Ron Dellums was born in West Oakland on November 24, 1935, one day before my mother was in another part of the country. That came to my attention as a young intern, because I read my copy of the Congressional Directory as thoroughly as I did the sports agate pages in those days, when my eyes were better. My mother, Bert Adler Prosterman, was also involved in politics at the time, eventually becoming president of the Memphis School Board. After noticing the birthdays, I often looked for parallels and comparisons.

West Oakland of the 40’s and 50’s might be characterized as the “Harlem of the West” – an enclave of Renaissance, nurturing and progressive development. Dellums was a product of that magical environment.

While we honor Ron Dellums, this is not a campaign for sainthood. His tenure as Mayor of Oakland (2007-11) was mixed, and he alienated a lot of people during that time. Having never elicited a reply from a series of letters and phone calls throughout his tenure, I count myself among them; but have been told by people close to him that my experience was a result of the misplaced gate-keeping tendencies of his third wife. Though Dellums alienated some long-time supporters, he used his Congressional connections to benefit and enrich the city, expand the Port of Oakland and beef up the police department. He was also a calming force in the riotous aftermath of the murder of Oscar Grant by a BART (Bay Area Rapid Transit) police officer in 2009.

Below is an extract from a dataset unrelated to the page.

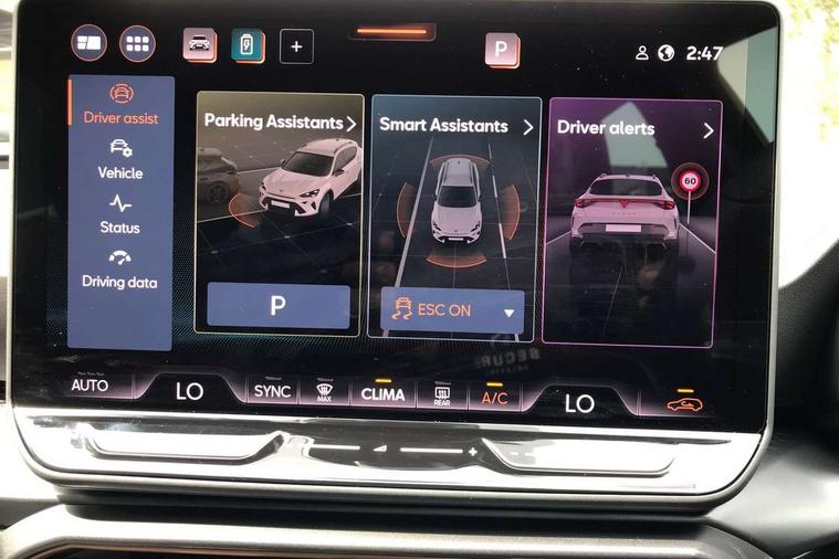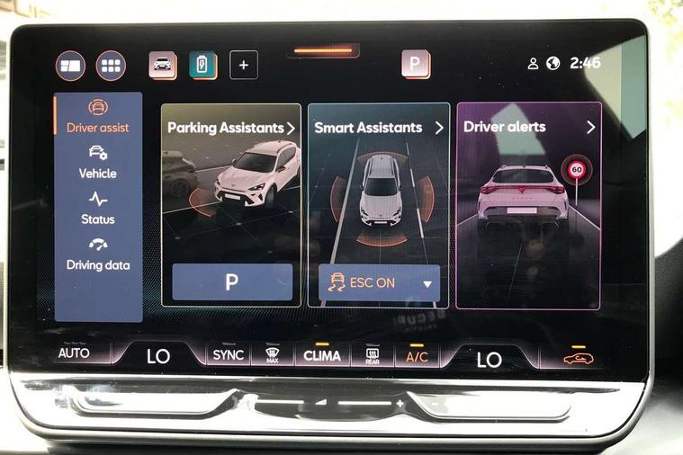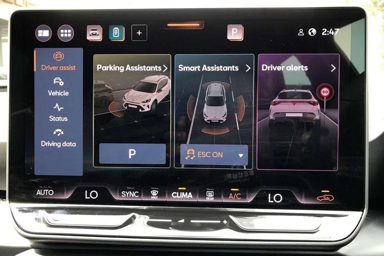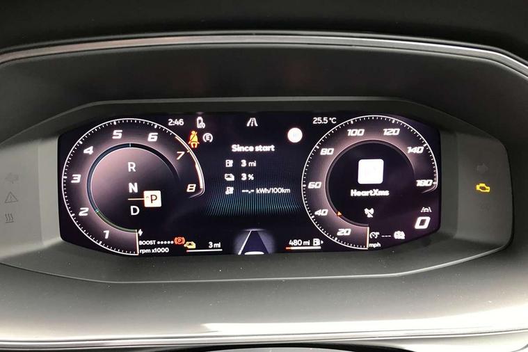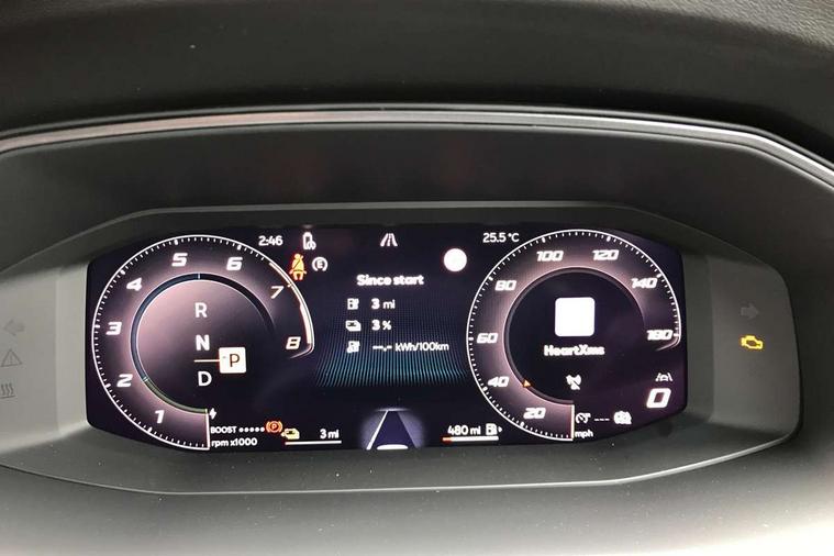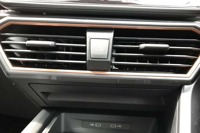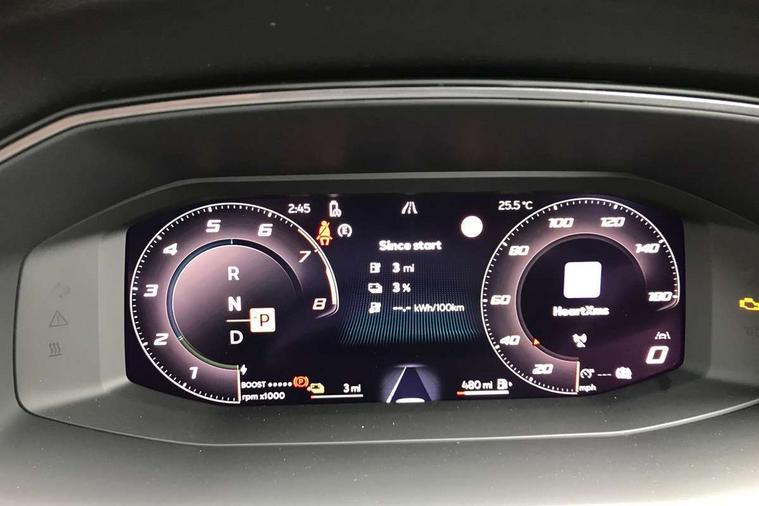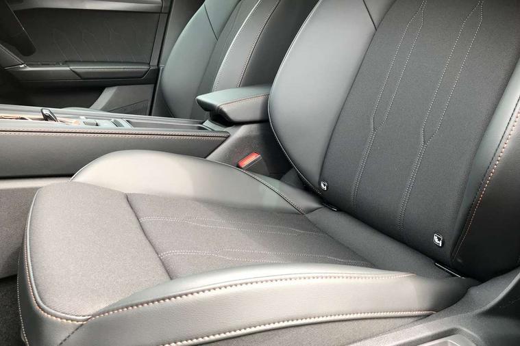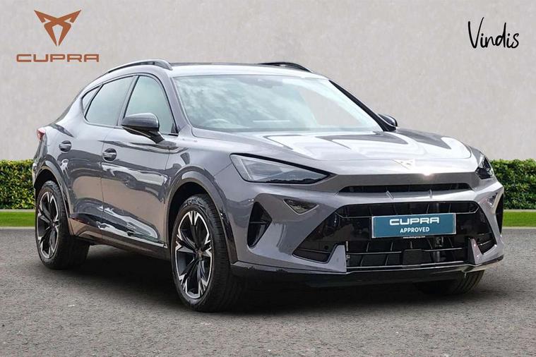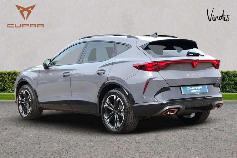 10.25" digital cockpit and configurable dashboard, Adaptive cruise control with follow-to-stop and speed limiter, Advanced driver alert system, Driving profile selection, Dynamic road sign display, Emergency steering support with turn assist, Forward collision warning with automatic braking, Front and rear parking sensors, Front cross traffic assist, Full link phone integration, Lane assist, Progressive steering, RPM, trip computer, outside temp gauge, instrument light brightness, low fuel warning light, lights on reminder, gearshift indicator, Service interval indicator, Start/stop system with regenerative braking, Voice control system, Wired Android Auto, Wireless apple carplay, Wireless phone charger, 10 amp mode 2 charging cable, 32 amp mode 3 charging cable, CUPRA sport suspension, Electronic locking differential and dynamic traction support, 2 front and 2 rear USB type C sockets, 7 speakers, Media system with navigation, 12.9" touchscreen display, voice control, DAB, steering wheel mounted controls, Auto dimming rear view mirror, Body colour door handles, Body coloured bumpers, Dark grey wing mirror, Daytime running light with automatic headlight control and coming home feature, Door panel ambient lighting, Dynamic headlight range control, Electric front/rear windows, Electrically adjustable, heated and folding door mirrors, Gloss black roof rails and window surrounds, High beam assist, LED 3rd brake light, LED front fog lamps with cornering function, LED Headlights, LED Taillights with dynamic indicator, Rain sensing wipers, Rear diffuser with copper simulated exhaust pipes, Rear fog lights, Rear side wing doors, Rear wash/wipe, Tinted rear windows, Welcome lights (within exterior mirror housing), 12V socket, 2 front and 2 rear reading lights, 3 seat bench in 2nd row, 60/40 split rear bench seat with armrest and mechanical seat release, Black headlining, Black interior roof lining, Cupra sports pedals, Dust/pollen filter, Front and rear head restraints, Front centre armrest, Heated supersports multifunction leather steering wheel with satellite buttons and gear shift paddles, Height/reach adjust steering wheel, Illuminated aluminium doorsteps, Illuminated interior front door sills, Illuminated sunvisor with mirror, Interior ambient lighting, Isofix, Manually adjustable height and lumbar support for front seats, PVC/Cloth upholstery with copper stitching + Sport seats, Satellite steering wheel, Single front passenger seat, Storage pockets on rear of front seats, Three zone climate control with control panel in rear, 3 point seatbelts on all rear seats, ABS, Brake control system - ESC and brake booster, Child proof door locks, Driver and front passenger airbags with front passenger airbag de-activation, Electronic parking brake, Front and rear disc brakes, Front side curtain airbags, Hill hold control, Public e-call, Seat belt reminder for front and rear seats, Tyre pressure monitoring system, Anti theft alarm system, Central locking system Keyless Go, Locking wheel bolts, Warranty - 5 years/90, 000 miles, Copper and aluminium interior detailing, 18" Sonora machined silver alloy wheels, Breakdown and tool kit,

In Congress, he also voted against every American military campaign except the intervention in Somalia in 1992. Perhaps Ron Dellums’ lasting legacy is his passionate advocacy for education, health care, job training, and affordable housing. When I was 18, Ron Dellums inspired me to want to be like him. Now, his legacy is inspiration to return American government to a state of sanity and effectiveness that reflects the ideals he represented so well.